Soon a steaming hot bowl of ramen was placed before me and I gave Ayame and Teuchi a smile, “Thank you both so much!”

“Ah you’re most welcome, Sasuke! Enjoy!”

I nodded and proceeded to eat. The first bite was heavenly…and so was the second. The noodles were perfectly cooked and the pork was seasoned in just the right manner. I took my time, enjoying the meal, but if this was the meal they ate in canon then Naruto was right. Ramen is the food of the gods.

I finished eating and paid quickly with a portion of the allowance partitioned to me for the month. I couldn’t eat here every night, but I sure as hell was going to make it a weekly thing.

“Come back now, Sasuke!” Teuchi said with a smile and I gave a thumbs up.

“Absolutely!”

By this point it was just past five. Time for training I suppose.

The next few days past by in a similar manner. I would attend class, make myself dinner, and train until I was exhausted before heading to bed. In my training, I found I most loved running and practicing the Katon jutsu.

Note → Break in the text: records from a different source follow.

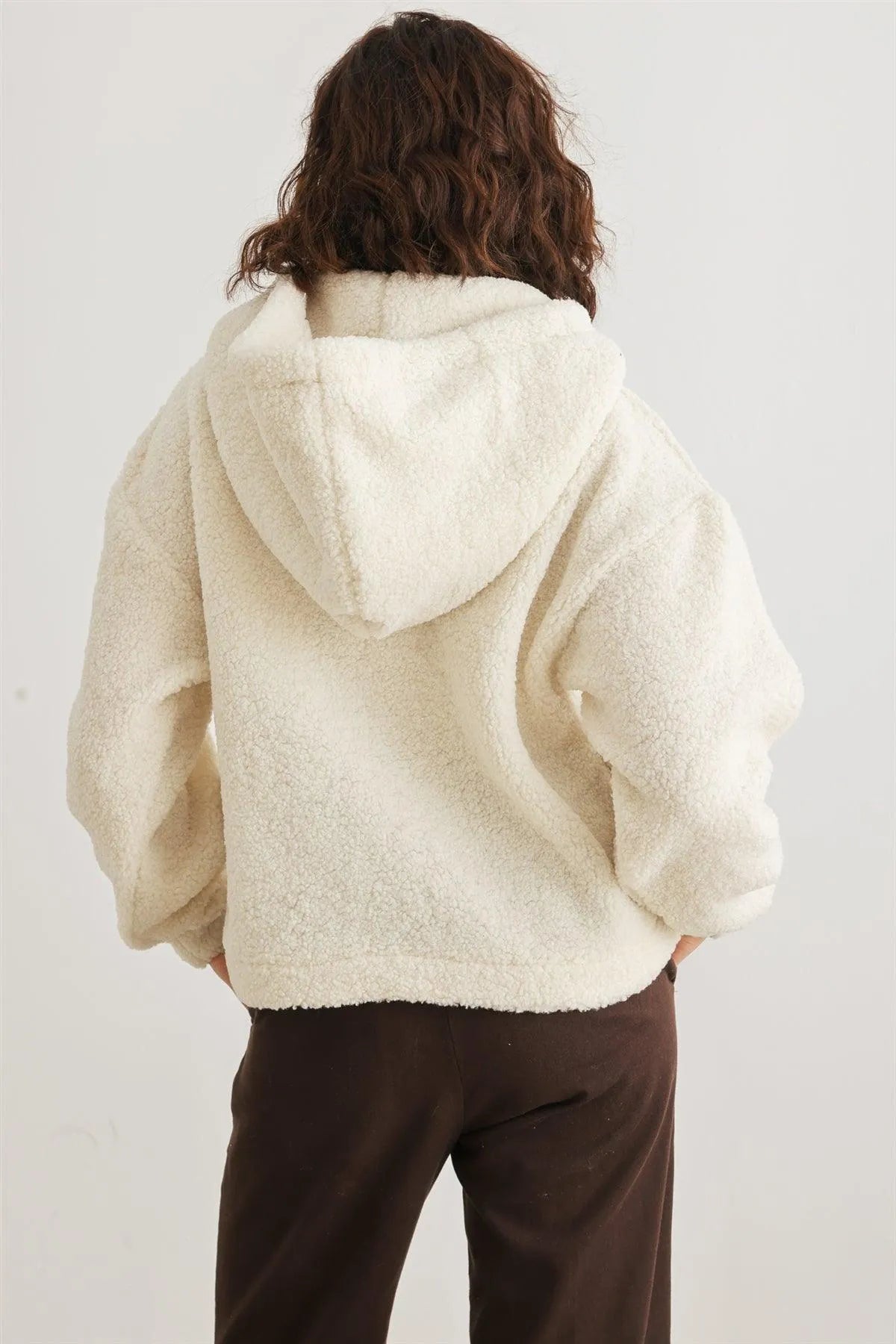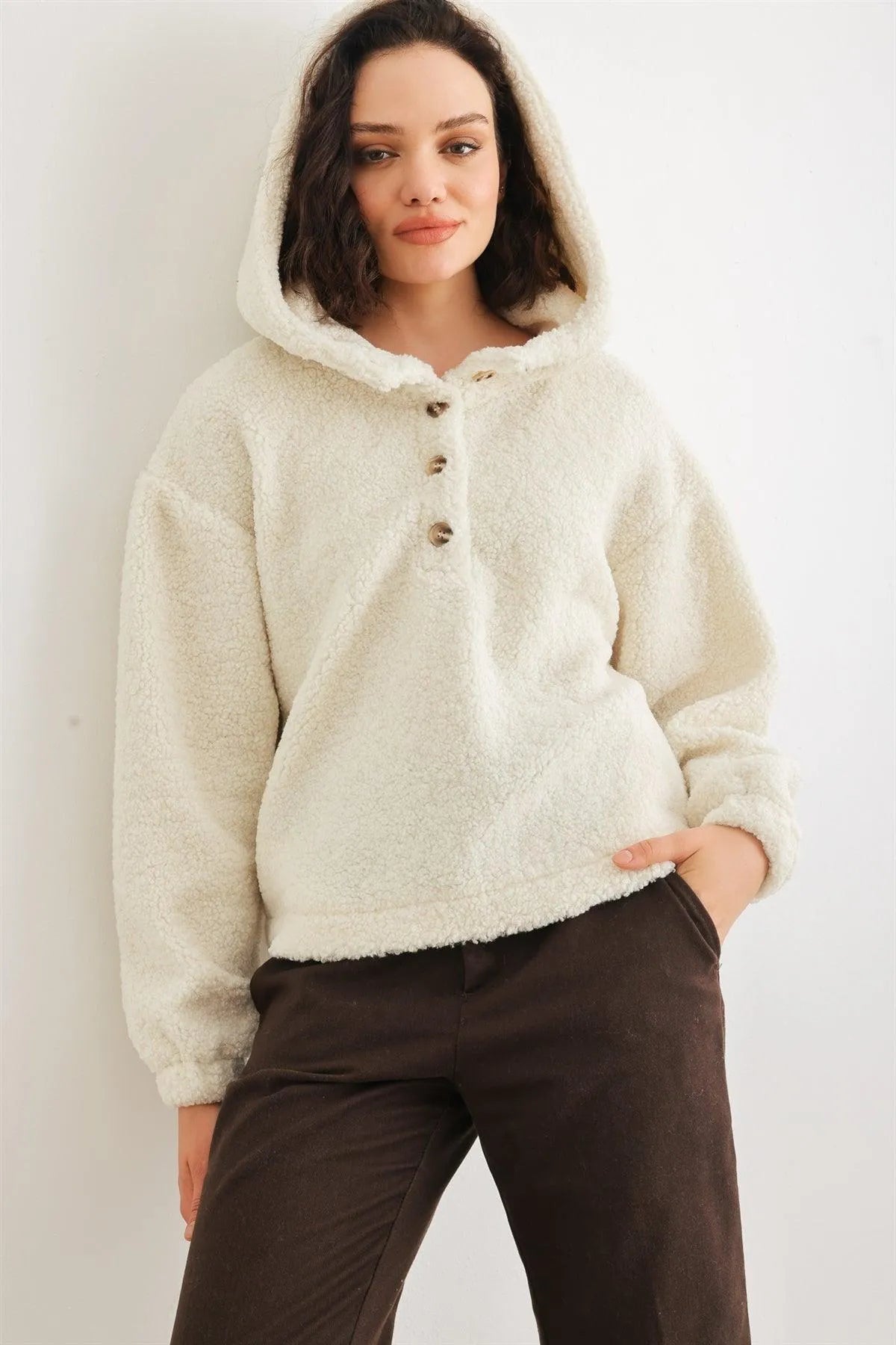 🖤 Item Features: Cream, solid color, teddy knit, long sleeves, dropped shoulders, contrast button-up neckline, hooded, two pockets, relaxed fit, cropped length, semi-stretchy, unlined, casual, cute, warm, cozy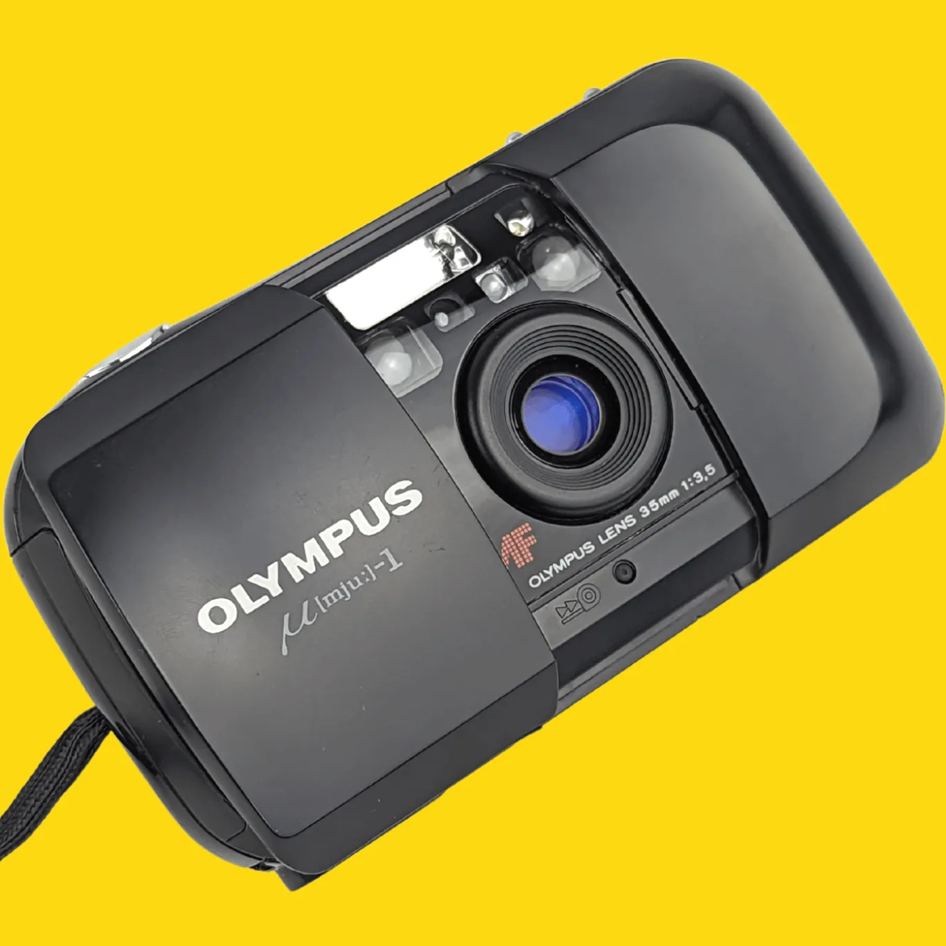 Evolved by camera designer Maitani Yoshihisa from his Olympus XA design, the µ[mju:] was very small and curvy, with an integrated lens cover. It is switched on by shifting the lens cover to one side. The original mju/Stylus was generally available in black, but a LIMITED edition model (50,000 examples) with a metallic silver finish was also released. 1992 saw the release of the Olympus µ[mju:] PANORAMA. This utilized tiny magnets to move a mask in front of the film in the middle of the roll while keeping the body and basic spec unchanged.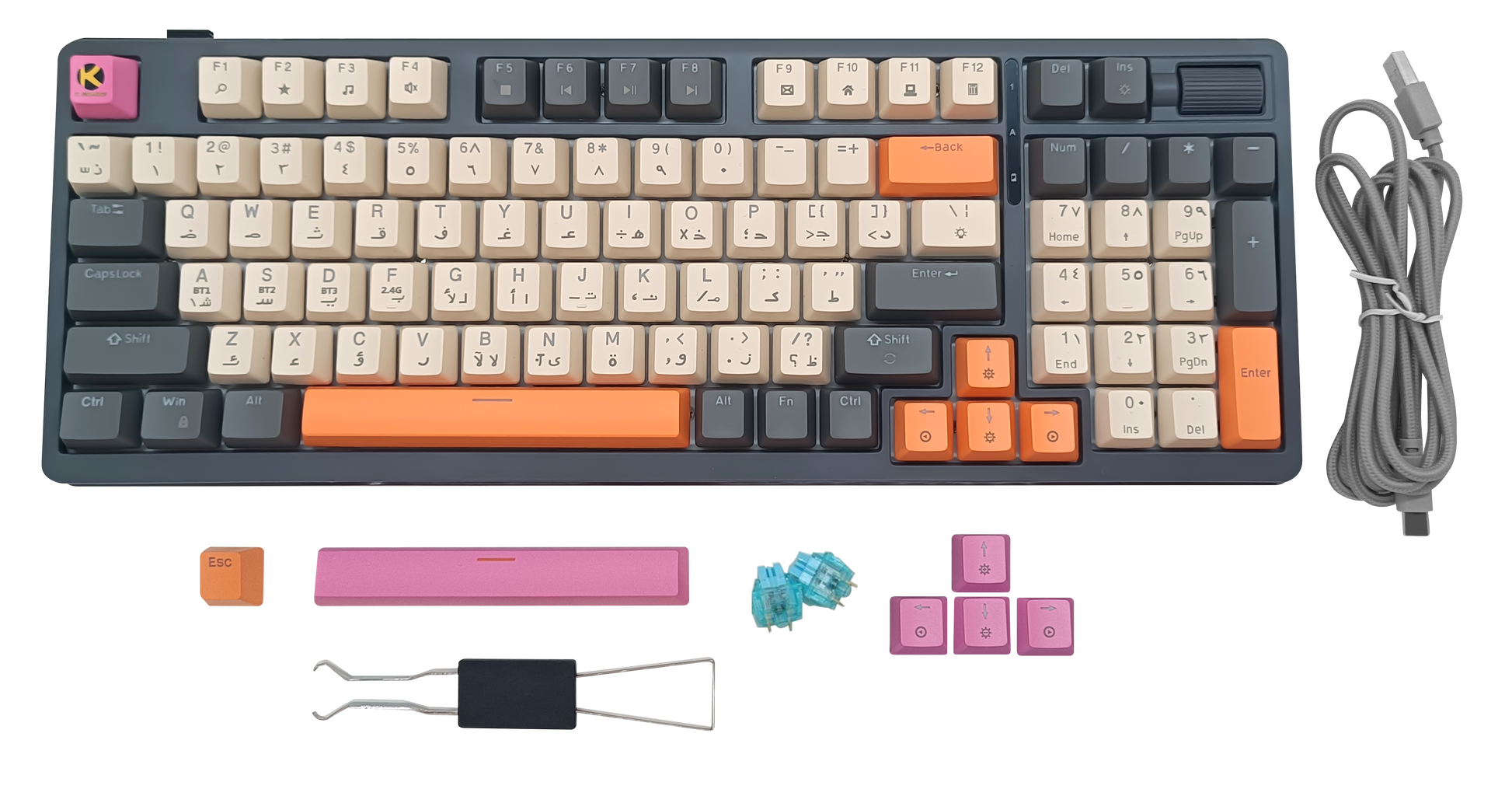 The K-Gaming Arctic Rift C-MKB96 Tri-Mode Gaming Keyboard offers unmatched versatility with wired, Bluetooth, and 2.4GHz connectivity. This 96-key mechanical keyboard features hot-swap switches, a durable Type-C interface, and a powerful 4000mAh internal battery for extended use.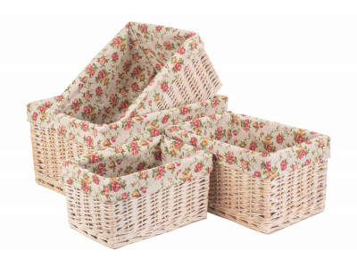ANTIQUE WASH WICKER STORAGE BASKET with LINING SET 3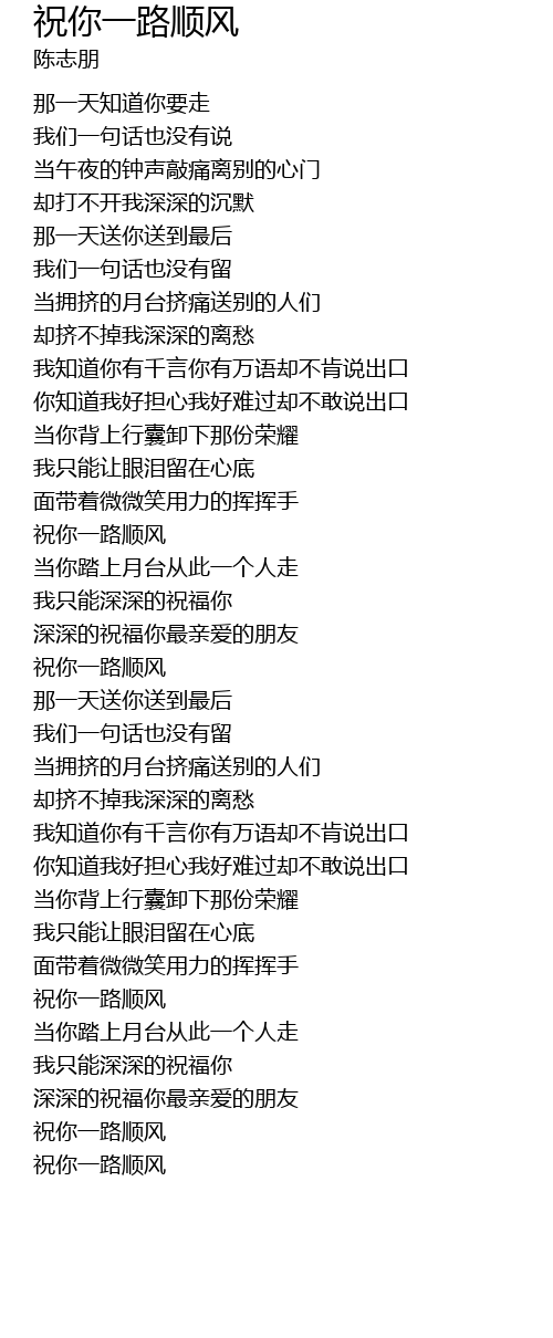 | [01:46.840] | zhù nǐ yí lù shùn fēng |

Running with chakra was freeing, as if I was flying, and practicing Katon left me feeling warm inside. Soon, I would need to incorporate chakra control training, but for now I was just gaining a measure of what I could truly do.

In class, I mostly kept to myself, though I had seemed to develop a friendly rivalry with Kiba in our runs. The two of us were consistently at the front of the pack and would share good natured insults as we ran. I still had yet to see any sign of Naruto, however, and my concern grew. If he didn’t exist…then everything rode on my shoulders.

And so, the following week, I made a choice and sat next to Shikamaru Nara.